WASHINGTON -- The death of Osama bin Laden paints a clearer picture of the CIA's interrogation and detention program, revealing where it was successful and where its successes have been overstated.

At its core, the hunt for bin Laden evolved into a hunt for his couriers, the few men he trusted to pass his personal messages to his field commanders.

After the attacks of Sept. 11, 2001, detainees in the CIA's secret prison network told interrogators about one of al-Qaida's most important couriers, someone known only as Abu Ahmed al-Kuwaiti. He was a protege of al-Qaida's No. 3, Khalid Sheikh Mohammed.

In 2003, the CIA captured Mohammed, the group's operational leader. Mohammed was interrogated using what the agency called "enhanced interrogation techniques" such as sleep deprivation and the simulated drowning technique known as waterboarding.

Months after being waterboarded, Mohammed acknowledged knowing Kuwaiti, former officials say.

"So for those who say that waterboarding doesn't work, to say that it should be stopped and never used again: We got vital information, which directly led us to bin Laden," the chairman of the House Homeland Security Committee, Rep. Peter King (R-Seaford), said last week.

But current and former officials directly involved in the interrogation program say that's not the case.

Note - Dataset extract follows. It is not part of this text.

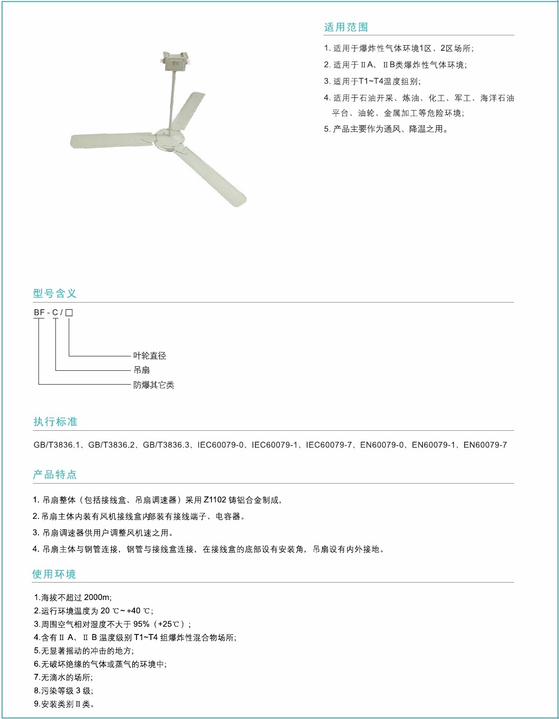 1.吊扇整体(包括接线盒、吊扇调速器)采用Z1102铸铝合金制成,

Mohammed acknowledged knowing Kuwaiti after being waterboarded, but he also denied he was an al-Qaida figure or of any importance. It was a lie, much like the stories Mohammed said he made up about where bin Laden was hiding, those officials said. Even after the CIA deemed him "compliant," Mohammed never gave up Kuwaiti's real name or his location, or acknowledged Kuwaiti's importance in the terrorist network.

But the detention program did play a crucial role in the search for bin Laden.

In 2004, top al-Qaida operative Hassan Ghul was captured in Iraq. In a secret CIA prison, Ghul confirmed to the CIA that Kuwaiti was an important courier. In particular, Ghul said, the courier was close to Faraj al-Libi, who had replaced Mohammed as al-Qaida's operational commander.

The CIA had less success when it captured al-Libi.

Al-Libi was not waterboarded. But he did get the full range of enhanced interrogation, including intense sleep deprivation, former officials recalled. Despite those efforts, al-Libi adamantly denied knowing Kuwaiti. He acknowledged meeting with an important courier, but he provided a fake name.

Both he and Mohammed withheld or fabricated information, even after the agency's toughest interrogations. That gave credence to what many longtime interrogators have maintained, that increasingly harsh questioning produces information but not necessarily reliable information.

Given what they knew from other detainees, CIA interrogators suspected that al-Libi and Mohammed were lying about Kuwaiti and that it must be important if they were so committed to withholding this information. So they reasoned that, if they could find Kuwaiti, they might find bin Laden.

"They used these enhanced interrogation techniques against some of these detainees," CIA Director Leon Panetta said this past week. "But I'm also saying that, you know, the debate about whether we would have gotten the same information through other approaches, I think is always going to be an open question."